Tuesday, 7 July 2009

Anyone for sphairistike?

When Venus and Serena Williams were facing each other across the net at Wimbledon, we can be fairly sure that they didn’t say ‘tenetz!’ every time one of them prepared to serve. Yet it appears that long ago it was customary for the server to shout out this Anglo-French word (equivalent to the modern French imperative tenez), which meant ‘take this!’, and that this is the origin of the word tennis.

In those days, of course, the game in question was not our modern game of lawn tennis, but its rather grander ancestor known variously as real tennis, royal tennis, court tennis or close tennis (the latter term referring to the enclosed court in which it is played). Besides keeping lexicographers on their toes trying to cross-refer all of its different titles, this ancient form of the game is also the source of some pretty obscure terminology such as bricole (the rebound of a ball from the wall), dedans (an open gallery), hazard (the side of the court into which the ball is served), penthouse (a roofed corridor surrounding the court) and tambour (a sloping buttress).
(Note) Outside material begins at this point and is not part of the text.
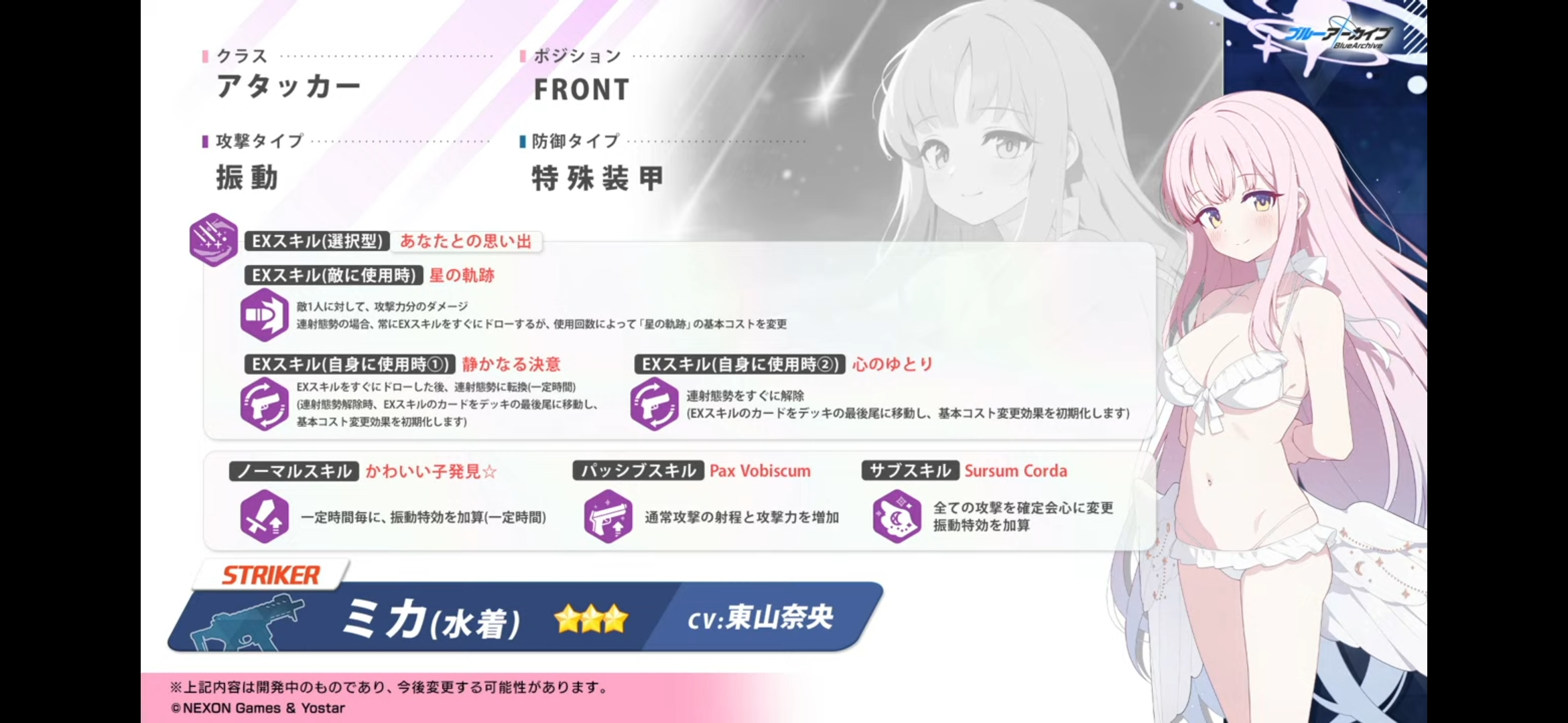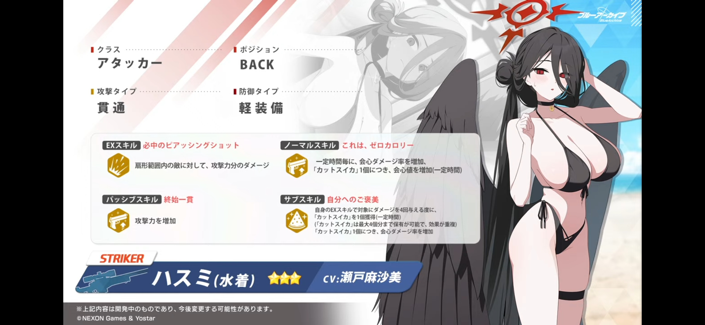 >>5251170 Класс Позиция Нападающий назад Тип атаки Тип защиты Общение Легкое снаряжение 【Исключительный навык Обязательный к просмотру пронзительный выстрел Обычный навык] В нем нет калорий С каждым заданным временем увеличивается количество поражений сердца. Увеличивает остроту зрения на 1 единицу урона от "Разрезанного арбуза", увеличивая силу атаки против врагов в пределах формы бровей (на определенный период времени) Пассивный навык Финальная покупка Дополнительные навыки Для себя этот Ракуми Увеличенная сила атаки Каждый раз, когда вы наносите цели 4 урона своим навыком EX, на нее наносится 1 "Разрезанный арбуз" (фиксированная пара) ["Разрезанный арбуз" может содержать до 4 частей, эффект добавляется! 1 разрезанный арбуз увеличивает урон Кайшин ударник Хасуми (купальник) резюме: Асами Сето Вышеуказанный контент находится в стадии разработки и может быть изменен в будущем. NEXON Games & Yostar
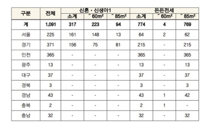 이번 첫 입주자 모집은 월세형(신혼·신생아 매입임대) 317호, 든든전세(전세형) 774호로 모두 1091호 규모다.

All of these real-tennis terms are explained in The Chambers Dictionary, yet none provides quite as striking an entry as the one for sphairistike. This bizarre word is included as the name under which a certain Walter Wingfield tried to patent the new game of lawn tennis in 1874. Wingfield’s word was pronounced ‘sfee-ris-ti-ki’ and was a shortened form of the Greek phrase sphairistike techne, meaning ‘the skill of playing with a ball’. The dictionary also tells us that the game was ‘quite widely known for a time’ by this name. Indeed, had Wingfield not offered the alternative name of lawn tennis, we might have spent the recent Wimbledon fortnight hearing about ‘sphairistike balls’, ‘sphairistike rackets’ and ‘sphairistike courts’, and Andy Roddick and Roger Federer might now be experiencing a touch of ‘sphairistike elbow’ after their marathon encounter in the men’s final.